At this point, it’s worth acknowledging the handful of elephants crammed in the corner: Eva Green is a mesmeric screen beauty, has a stunning figure and is a tremendous actress. Talking about her in A Dame to Kill For without sounding like a drooling perv is tricky (especially for male audience members), in part because her character, Ava Lord, is a veritable avatar of temptation and deception, and in part because, again, she’s in the buff for a huge chunk of her screen time. It’s well and good to make jokes about how Rodriguez wears out the welcome of her proffered physicality, but there’s a line, and stepping over it risks the commentary drifting into boorish objectification.
And that’s just not the type of reaction Ava’s looking for. She’s the type of woman who turns men into slaves; we’re told as much by her servant, the hulking, eloquent Manute, and we see as much in her many and sundry plots and schemes to bend A Dame to Kill For’s boys to her will. Were she to read her clips from the weekend’s onslaught of critic reviews, she probably wouldn’t know what to do with herself. The thought that her body could lose its effect on the coarser sex might strike her as petrifying. So at a glance, it appears that Rodriguez has utterly failed his film’s chief villainess by diffusing her sexuality.
But there’s a catch: we’re the audience, and we’re privy not only to the truth of Ava’s machinations but also to her methods. Sex is her armor and her armament all in one. We understand that even when the film’s male contingent doesn’t (or when they’re on the verge of forgetting). If watching Green’s lithe frame slink around from scene to scene becomes old hat fast, it’s only because we’re the beneficiaries of perspective. Ava’s sexiness becomes much less sexy when we’re given the full disingenuous panorama of her character. Nobody else in the film is given a window to observe her duplicity, save for perhaps Dwight McCarthy (though even for him, remembering her modus operandi requires a mighty struggle).

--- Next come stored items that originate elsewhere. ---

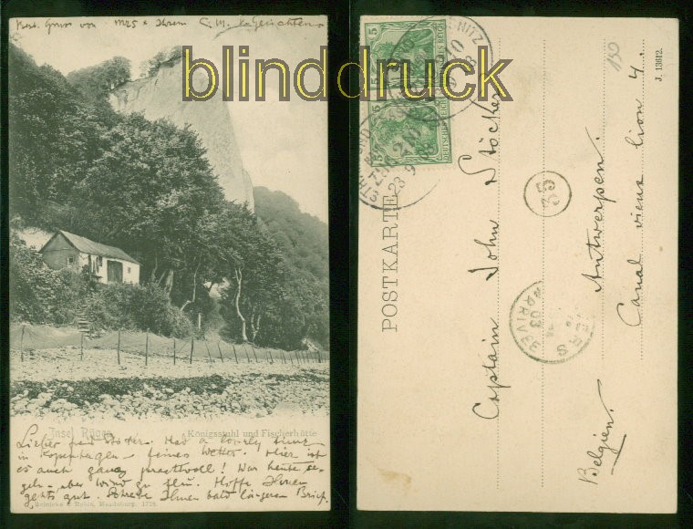 Mecklenburg-Vorpommern Insel Rügen sw-AK Königsstuhl mit Fischerhütte Bahnpost 1903 Karte gelaufen mit Bahnpost Stralsund - Sassnitz Zug 210 23.09.1903 nach Antwerpen Erhaltung siehe Scan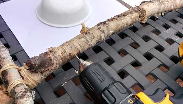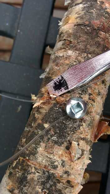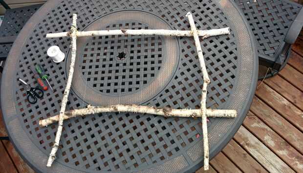 Taladre los agujeros entre las ramas, voltee el marco y colocar un pequeño tornillo justo detrás de ese agujero. Finalizado, el sedal a través de ambos agujeros del hilo de rosca, lazo alrededor de los tornillos y listo.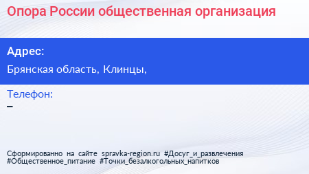 Опора России, общественная организация по адресу Брянская область, Клинцы, в дальнейшем Организация, размещена в следующих категориях: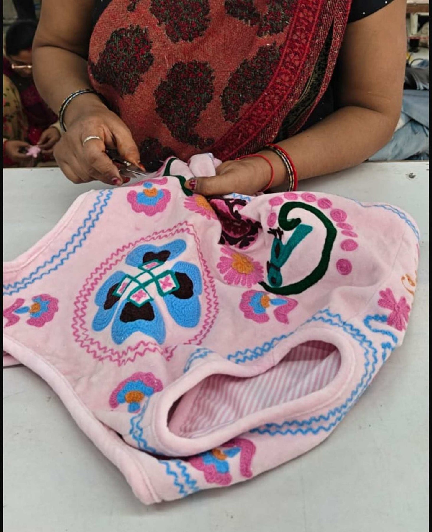 Różowa kamizelka marki Sissel Edelbo, wykonana z nadwyżek bawełny welurowej. Kamizelka jest ozdobiona haftem Suzani z motywami kwiatów i ptaków w kilku kolorach.

A Dame to Kill For isn’t a movie most will credit with much by way of brains, but kudos where kudos are due: In casting Green, Rodriguez struck gold. She vamps it up like cinema royalty, perfectly conveying the breadth of Ava’s faked desire and inner tedium without missing a beat. She plays with Dwight and doomed detective Mort like a cat with a mouse, but we can tell that she’s screaming out of sheer boredom on the inside. It’s damn near impossible to imagine another actress in the role, or at least an actress who has the same level of self confidence in her body that Ava does. Green flaunts, but never more than she needs to; she teases, but just enough to charm.

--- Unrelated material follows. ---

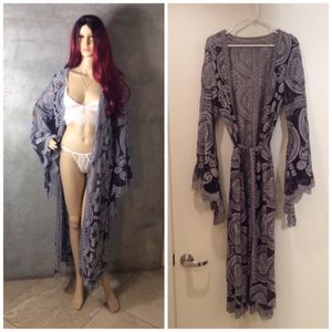 UNIQUE STYLES BOUTIQUE - New custom kimono lace robe cardigan duster long maxi cover up ombre black dark gray colors with flare bell sleeves has a belt tie waist. 51" L x 20" W inch on seam. Polyester. Very BoHo shabby chic hippie gypsy and spell & the gypsy collective casual Beach pool vacation summer for love and lemons collection 12th tribe festival tribal vintage India free people Whitney EveD jen's pirate booty summer Halloween costume, cosplay spring Bohemian Mumu beautiful lovely gypsie raga peasant Desired Collection Maisie & The Muse style. ** More designs go to "brand" under "Unique Styles robe"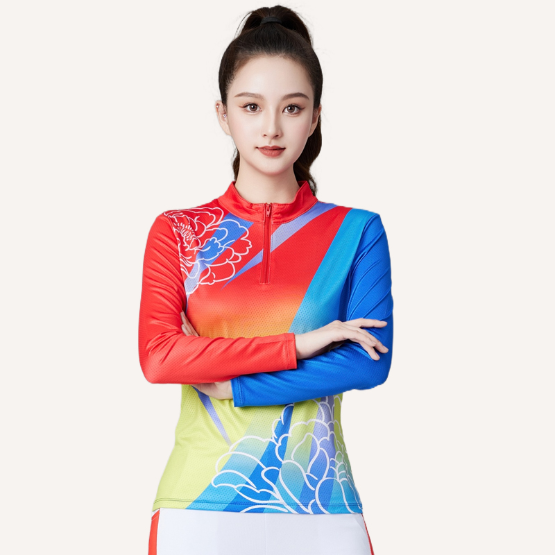 夏季长袖薄款柔力球上衣广场舞服装新款中老年团队运动服跳舞衣服

The more we get to know Ava, the more we see through her act (and by extension Green’s, as well). And the more we pierce that veil, the less that we appreciate the titillating thrill of seeing Green prowl around au naturel. It’s replaced with a growing respect for her gamesmanship. As she luxuriates in her tub, Ava effortlessly persuades Mort away from his wife to her side in the middle of the night. She knows what he needs from her—a show of fragility—and in just a few lines of dialogue she spins him a woeful skein that robs him of his senses, all the while wearing an expression so casual she might as well be plucking her eyebrows.